А как от него можно было держаться подальше, когда, подавая ей шубу, спросил в самое ухо, почти касаясь губами: «Ну что? Письмо с вами?» Она еле заметно кивнула.

Много раз потом вспоминала этот кивок, поражаясь тому, что не удивилась, не растерялась: просто легкий наклон головы — и цепь сомкнулась.

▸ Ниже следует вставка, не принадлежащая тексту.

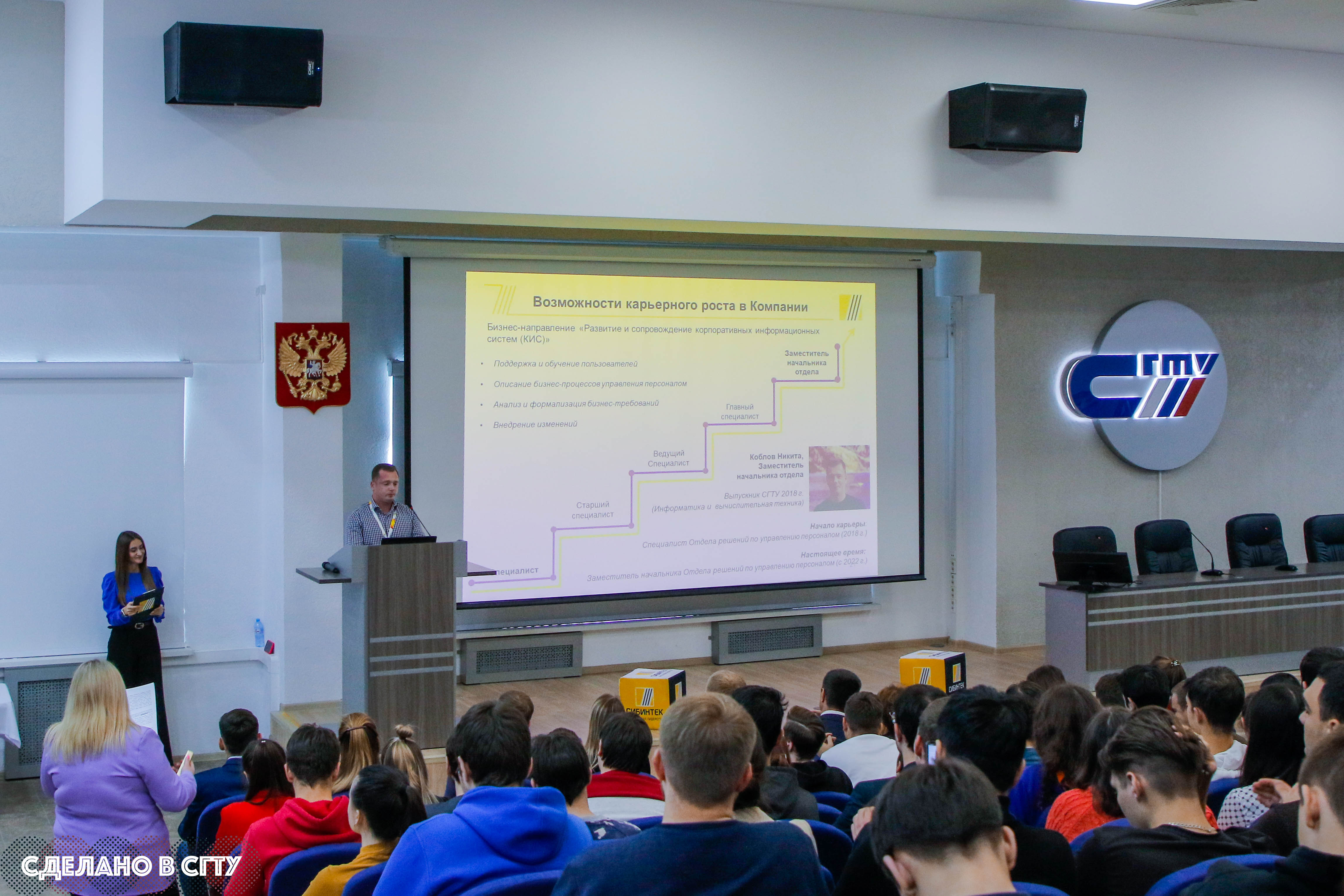 Вчера, 25 октября, в СГТУ имени Гагарина Ю.А. состоялась встреча студентов ИТ-направлений Института прикладных информационных технологий и коммуникаций и Института электронной техники и приборостроения с представителями филиала «Макрорегион ЦЕНТР» ООО ИК «СИБИНТЕК».
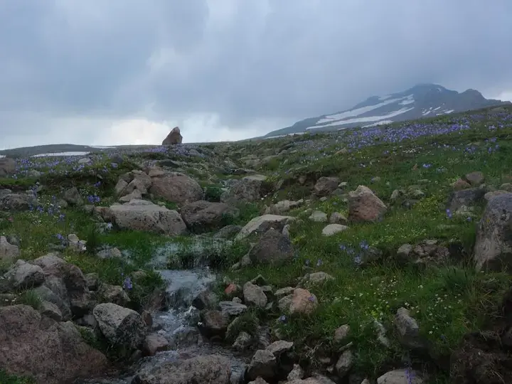 إذا كانت هذه من رحلاتك الأولى فوق خط الأشجار، فقد يبدو التوقيت غريبًا. لا يزال الثلج عالقًا في جيوب متفرقة، والهواء لاذعًا، ثم فجأة تقريبًا تتوهج شرائط كاملة من المرج بالأزهار. وما تراه ليس «وصول الصيف» بمعنى عام. بل هو ساعة الذوبان تبدأ منحدرًا بعد منحدر، ومنخفضًا بعد منخفض.

Потом Кирьянов исчез надолго, лишь мелькал где-то в отдалении и совсем не рвался продолжить прежде демонстративно близкие отношения. Но он свое дело сделал: теперь она чувствовала себя звеном какой-то огромной цепи.

Да, надо было зачем-то заглянуть в шкаф. Для этого придется встать, но только очень осторожно. Три или четыре года тому назад она на рассвете, бредя в туалет (теперь это случалось несколько раз за ночь), споткнулась о коврик, которыми Олимпиада устлала коридор, чтобы реже мыть, и упала, невыносимая боль, беспамятство. Перелом шейки бедра — страшный сон всех старух. После операции две недели пролежала в палате клиники на Пироговке. Больше гноящегося шва, больше храпа соседок мучило желание закурить, и как только разрешили вставать, отправилась на лестничную клетку, откуда тянуло невыразимо приятным запахом прогорклого холодного табака. Там, стоя у замызганной, давно не чищенной урны, медленно затягиваясь, смотрела на крыши домов, на мелкий дождь, на старинные флигели клиники. И какая-то тайная радость проникала в душу. Она прислушалась к себе: нет, радость не была связана с тем, что пронесло, выжила, эту радость она уже испытала, очнувшись после наркоза в палате с высоченным, как в Сарапульской гимназии, потолком, это была другая радость, да и не радость даже, а ощущение НЕОДИНОЧЕСТВА. Это было странно: в больнице навещала лишь Олимпиада, которая все больше болтала с соседками и нагло объявила себя тетей. Приходилось подыгрывать — «на вы» и «Олимпиада Викентьевна», а куда денешься, от этой ведьмы зависело выздоровление, и даже ее протертая постная еда была лучше вонючей больничной баланды. Раза два забежала Нинка. Как всегда, в каком-то турецком тюрбане и лицо чуть лоснится, Нинка всю жизнь каждое утро протирала лицо первой мочой. Наверное, правильно делала, потому что, несмотря на уже старческую мосластость фигуры, лицо все-таки не «тянуло» на восемьдесят, а так — лет на шестьдесят. После смерти Ванечки Нинка еще два раза выходила замуж, но, к сожалению, лимит ее везения был исчерпан. Оба мужа как-то торопливо уходили в мир иной, не обременяя Нинку своими болезнями и страданиями ухода.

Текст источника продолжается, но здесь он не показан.